Craig BM, Brown DS, Reeve BB. Med. Decis. Making 2015; 36(2): 199-209.

Affiliation

Health Outcomes and Behavior, Moffitt Cancer Center and University of South Florida, Tampa, FL, USA (BMC)Brown School and Institute for Public Health, Washington University in St. Louis, St Louis, MO, USA (DSB)Lineberger Comprehensive Cancer Center and Gillings School of Global Public Health, University of North Carolina at Chapel Hill, Chapel Hill, NC, USA (BBR).

Copyright

(Copyright © 2015, SAGE Publishing)

DOI

10.1177/0272989X15594370

PMID

26209476

Abstract

OBJECTIVE:. To assess preferences between child behavioral problems and estimate their value on a quality-adjusted life year (QALY) scale.

METHODS:. Respondents, age 18 or older, drawn from a nationally representative panel between August 2012 and February 2013 completed a series of paired comparisons, each involving a choice between 2 different behavioral problems described using the Behavioral Problems Index (BPI), a 28-item instrument with 6 domains (Anxious/Depressed, Headstrong, Hyperactive, Immature Dependency, Anti-social, and Peer Conflict/Social Withdrawal). Each behavioral problem lasted 1 or 2 years for an unnamed child, age 7 or 10 years, with no suggested relationship to the respondent. Generalized linear model analyses estimated the value of each problem on a QALY scale, considering its duration and the child's age.

RESULTS:. Among 5207 eligible respondents, 4155 (80%) completed all questions. Across the 6 domains, problems relating to antisocial behavior were the least preferred, particularly the items related to cheating, lying, bullying, and cruelty to others.

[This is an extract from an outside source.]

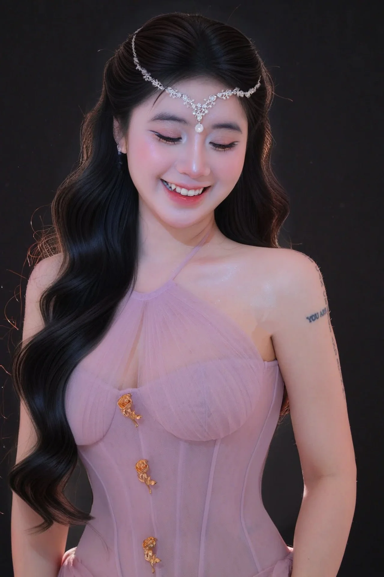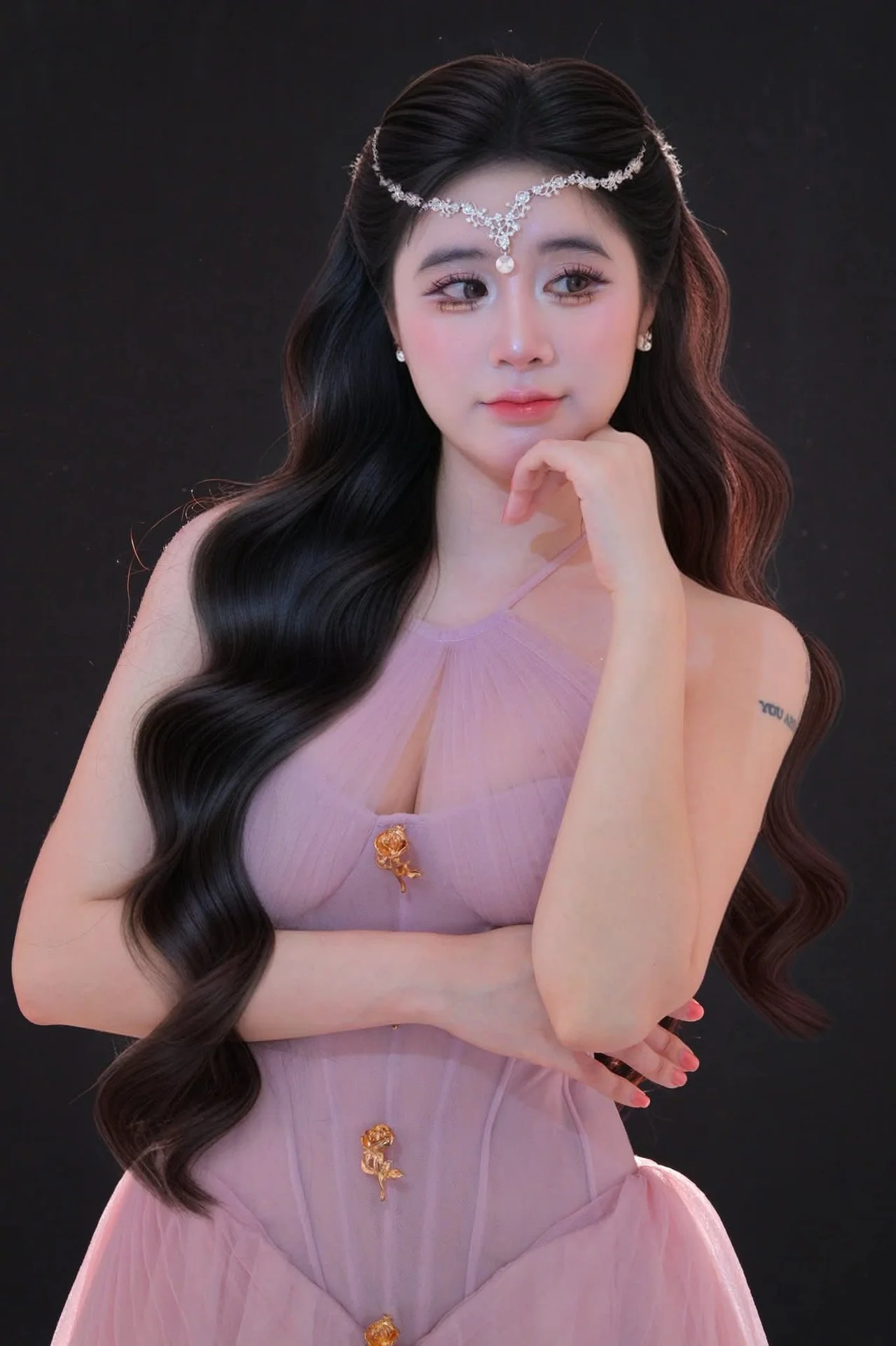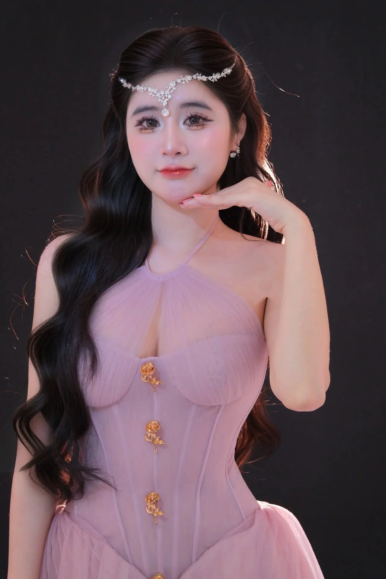 This captivating image portrays an ethereal beauty, reminiscent of a princess from a fairy tale. The woman showcases long, voluminous wavy hair that cascades gracefully, adorned with a delicate, sparkling tiara on her forehead. She wears an elegant pastel pink gown featuring intricate sheer details and golden embellishments, highlighting her sophisticated charm. Her thoughtful and enchanting gaze suggests a moment of serene contemplation, drawing viewers into her world of fantasy. The overall composition evokes a dreamy, almost magical atmosphere where refined elegance meets poetic allure, captivating the imagination. This portrait is a true embodiment of timeless grace and exquisite style.#EtherealBeauty #DreamyPrincess #ElegantGown #LongWavyHair #FairytaleVibes

CONCLUSIONS:. The findings are the first to produce a preference-based summary measure of child behavioral problems on a QALY scale. The results may inform both clinical practice and resource allocation decisions by enhancing our understanding of difficult tradeoffs in how adults view child behavioral problems. Understanding US values also promotes national health surveillance by complementing conventional measures of surveillance, survival, and diagnoses.